Fãs cocriam o futuro do produto e da comunicação
CM: Olhando para 2026, quais são as grandes tendências que vão separar marcas “indiferentes” de marcas “idolatradas”? Que fronteira ainda não está no radar da maioria dos executivos de marketing e na sua visão será decisivo para isso?
A grande fronteira é a descentralização da propriedade da Marca e do processo criativo. Marcas indiferentes continuarão tentando controlar cada aspecto da sua narrativa. Marcas idolatradas serão aquelas que tiverem a coragem de ceder o controle e permitir que os fãs cocriem o futuro do produto e da comunicação.

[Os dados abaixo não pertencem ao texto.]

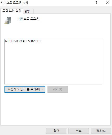 - 해당 항목은 로컬 보안 정책 에서 권한 추가 시켜야 합니다.
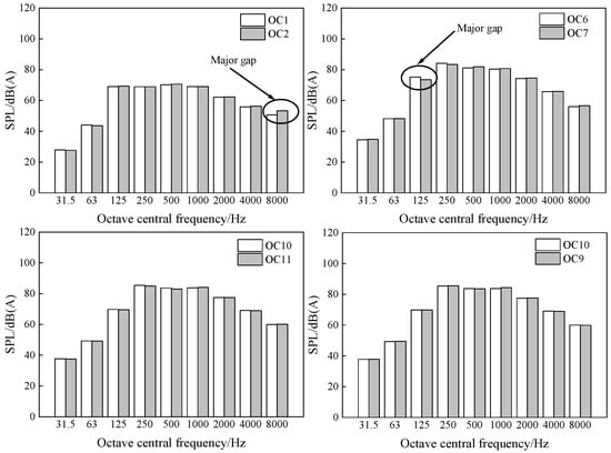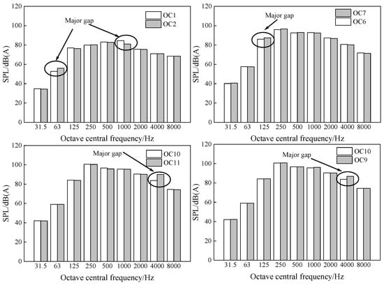 In Figure 3, the amount of change on the horizontal axis is the selected 11 OC. On the left vertical axis, it is “sound pressure level”, its unit is “dB(A)”, and “dB(A)” represents the A weighting SPL. The maximum error of SPL of each measuring point under all OC is not more than 3%. In Group A, the SPL of OC2 is lower than that of OC1, showing a decrease of 0.3%. In Group C, the SPL decreases with the increase of frequency among OC9, OC10, and OC11. The proportion of SPL decreased by 0.6% from OC11 to OC10. In addition, the growth rate of OC3 to 6 of SPL is much higher than that of OC7 to OC8. Bounded by OC7, the growth rate of noise SPL slows down, and the proportion of SPL decreased by 1.1% from OC7 to OC6
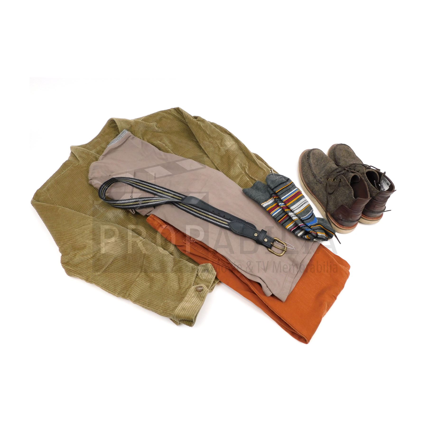Custom cord jacket, pants, belt, shirt, socks, shoes.
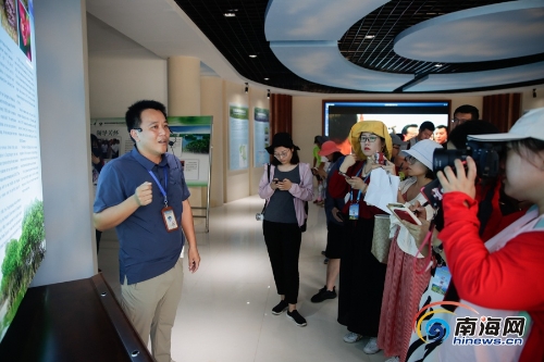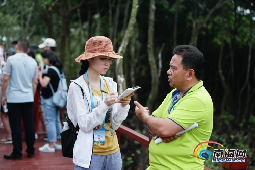 网媒记者采访东寨港国家级自然保护区工作人员。南海网记者刘洋 摄
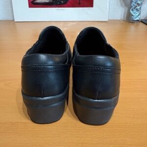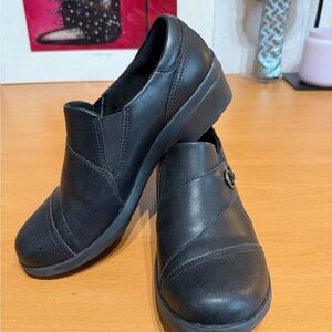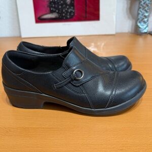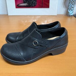 Sleek black slip-on shoes with a subtle buckle accent. Perfect for any occasion.
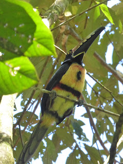 These guys are totally un-photogenic. All you can see most of the time is a grey brown hairball high up in a tree! There are 2 videos which makes it easier to see them, here, and here.
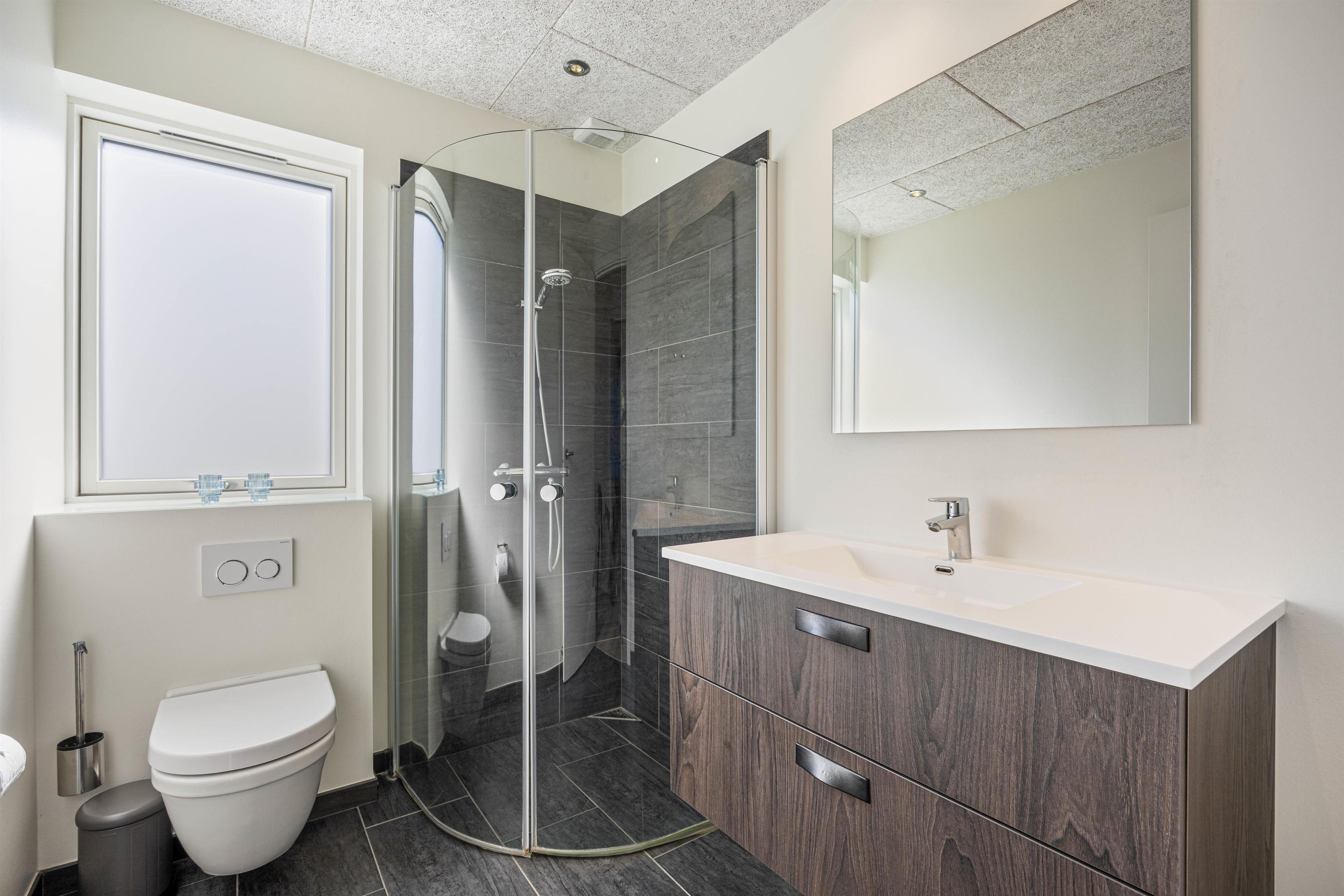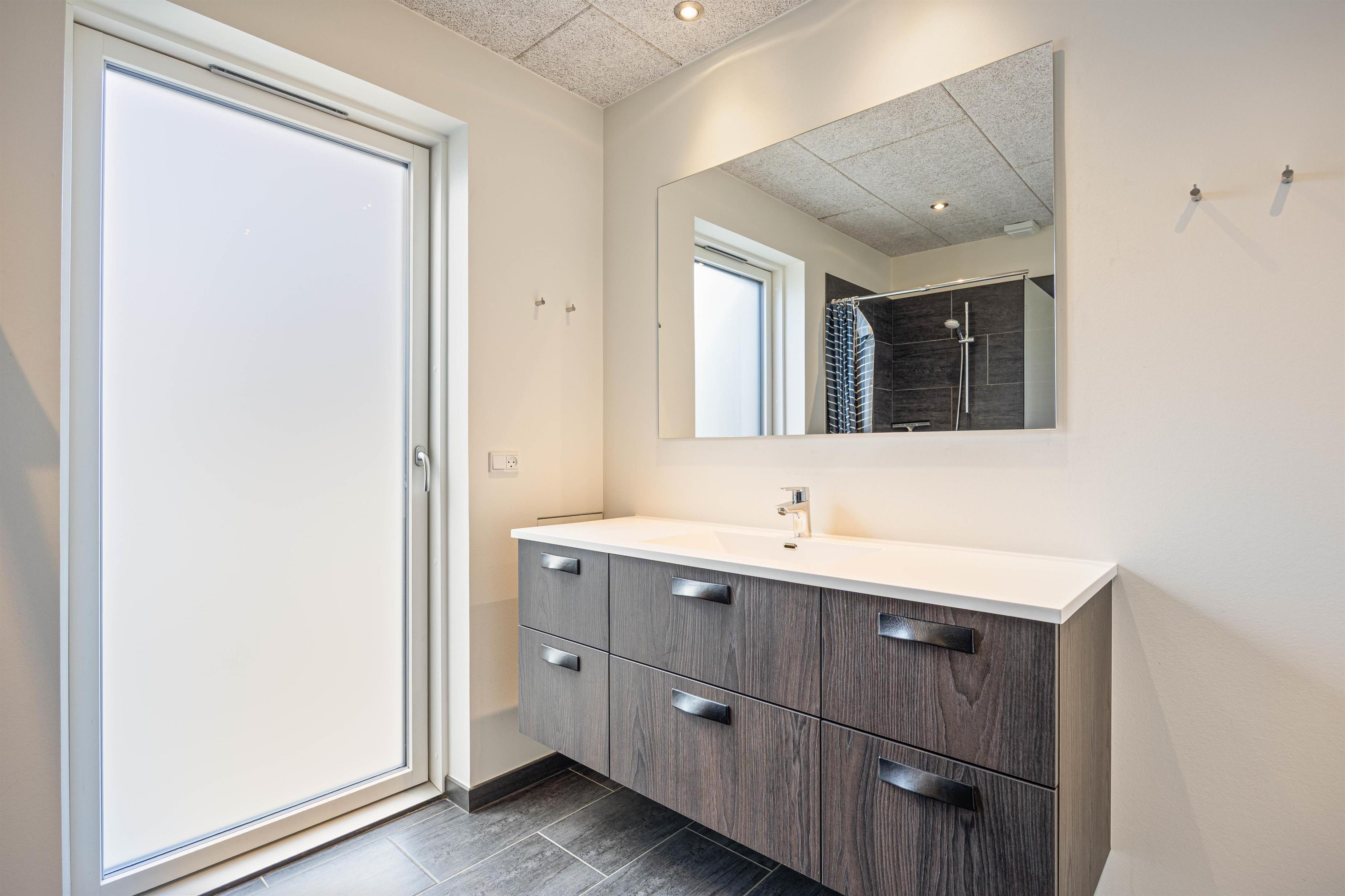 Huset er samtidig rigtig praktisk indrettet med 2 fine badeværelser, hvoraf der fra det ene er adgang til husets sauna. Her kan I forkæle jer selv med lidt ekstra wellness og velvære på ferien.
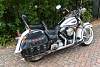 Harley Davidson FLSTS Heritage Springer 1340cc Evo Engine 1997I have always loved the Springer front end and have enjoyed riding these Classic 1340 Harley Davidson's for ever. When this one was offered I just went a little weak at the knees. I had to own her!! This Birch White with Blue Ribbon is with out a doubt the most striking colour combination the Company has ever created. Made in very limited number's. this Springer has to be viewed to be fully appreciatedThere is not a blemish of any kind on the paintwork. the chrome is perfect. she is running Fishtail pipes with a full Stage 1 and sounds just incredible. not noisy. just a very. very deep rumble. The idle speed is slow and almost lazy. something you only ever get with a carburettor model Harley. The leather bags and seat fringes are perfect. new white wall tyres. engine bar. passing lamps. chrome kidney tool box. rear backrest and riders backrest complete the Nostalgic look. I reserve the right to end the auction if the price is met! So you can contact me for more details.

A tendência para 2026 é a marca como uma plataforma aberta e um ecossistema, em que a barreira entre “empresa” e “cliente” desaparece. O executivo que ainda enxerga o cliente apenas como um alvo de venda ficará para trás. O líder do futuro entenderá que seu papel é servir à comunidade que se formou em torno dos valores da empresa.
CM: Levando em consideração tudo o que analisamos até aqui, você seria capaz de estabelecer um ponto central sobre sucesso na conexão emocional entre clientes e marcas hoje – fundamental para transformar clientes em fãs?
O ponto central é a identidade e a personificação. As pessoas não compram o que você faz; elas compram quem elas se tornam quando usam o seu produto ou o seu serviço. O sucesso na conexão emocional acontece quando a marca deixa de ser um objeto externo e passa a ser uma extensão da personalidade do indivíduo. Transformar clientes em fãs não é sobre ter o melhor produto do mercado, é sobre oferecer o melhor senso de pertencimento. Se a sua marca ajuda o cliente a expressar quem ele é ou quem ele deseja ser, você não tem mais compradores; você tem um exército. É isso o que o conceito fandom ensina a construir.